Worried about the hordes of crowds and overall chaos the Olympics could bring, Parisians are fleeing the city in droves and inundating resort cities around the country.
Getty Images

According to the site, the most sought-out vacation destinations are Morbihan and Loire-Atlantique, a seaside region in the northwest; le Var, a coastal area within the southeast of France along the Côte d’Azur; and the island of Corsica in the Mediterranean.

Meanwhile, the Olympics haven’t necessarily been a boon to foreign tourism in the country. Many tourists who might have otherwise come to France are avoiding it this year in favour of other European capitals. In Paris, demand for stays at high-end hotels has collapsed, with bookings down 50% in July compared to last year, according to UMIH Prestige, which represents hotels charging at least €800 ($865) a night for rooms.

Earlier this year, high-end restaurants and concierges said the Olympics might even be an opportunity to score a hard-get-seat at the city’s fine dining.

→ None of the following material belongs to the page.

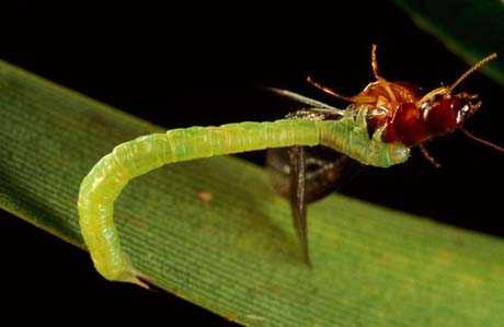 Các loài côn trùng dễ dàng bị lừa khi chính chúng lại tưởng các loài sâu bướm này là con mồi. Khi chúng tiến đến thì bất ngờ bị loài sâu này phản công. Chúng dùng đôi chân trước sắc nhọn mà chọc vào cơ thể con mồi. Sau đó chúng sẽ có một bữa ăn thịnh soạn và đầy đủ dinh dưỡng.

In the Occitanie region in southwest France, the overall number of reservations this summer hasn’t changed much from last year, says Vincent Gare, president of the regional tourism committee there.

“But looking further at the numbers, we do see an increase in the clientele coming from the Paris region,” Gare told Le Figaro, noting that the increase in reservations has fallen directly on the dates of the Olympic games.

Michel Barré, a retiree living in Paris’s Le Marais neighbourhood, is one of those opting for the beach rather than the opening ceremony. In January, he booked a stay in Normandy for two weeks.

“Even though it’s a major European capital, Paris is still a small city—it’s a massive effort to host all of these events,” Barré says. “The Olympics are going to be a mess.”

More than anything, he just wants some calm after an event-filled summer in Paris, which just before the Olympics experienced the drama of a snap election called by Macron.

“It’s been a hectic summer here,” he says.

Hotels and holiday rentals in some of France’s most popular vacation destinations say they are expecting massive crowds this year in advance of the Olympics.
AFP via Getty Images

Parisians—Barré included—feel that the city, by over-catering to its tourists, is driving out many residents.

Parts of the Seine—usually one of the most popular summertime hangout spots —have been closed off for weeks as the city installs bleachers and Olympics signage. In certain neighbourhoods, residents will need to scan a QR code with police to access their own apartments. And from the Olympics to Sept. 8, Paris is nearly doubling the price of transit tickets from €2.15 to €4 per ride.

The city’s clear willingness to capitalise on its tourists has motivated some residents to do the same. In March, the number of active Airbnb listings in Paris reached an all-time high as hosts rushed to list their apartments. Listings grew 40% from the same time last year, according to the company.

With their regular clients taking off, Parisian restaurants and merchants are complaining that business is down.

“Are there any Parisians left in Paris?” Alaine Fontaine, president of the restaurant industry association, told the radio station Franceinfo on Sunday. “For the last three weeks, there haven’t been any here.”

Still, for all the talk of those leaving, there are plenty who have decided to stick around.

Jay Swanson, an American expat and YouTuber, can’t imagine leaving during the Olympics—he secured his tickets to see ping pong and volleyball last year. He’s also less concerned about the crowds and road closures than others, having just put together a series of videos explaining how to navigate Paris during the games.

“It’s been 100 years since the Games came to Paris; when else will we get a chance to host the world like this?” Swanson says. “So many Parisians are leaving and tourism is down, so not only will it be quiet but the only people left will be here for a party.”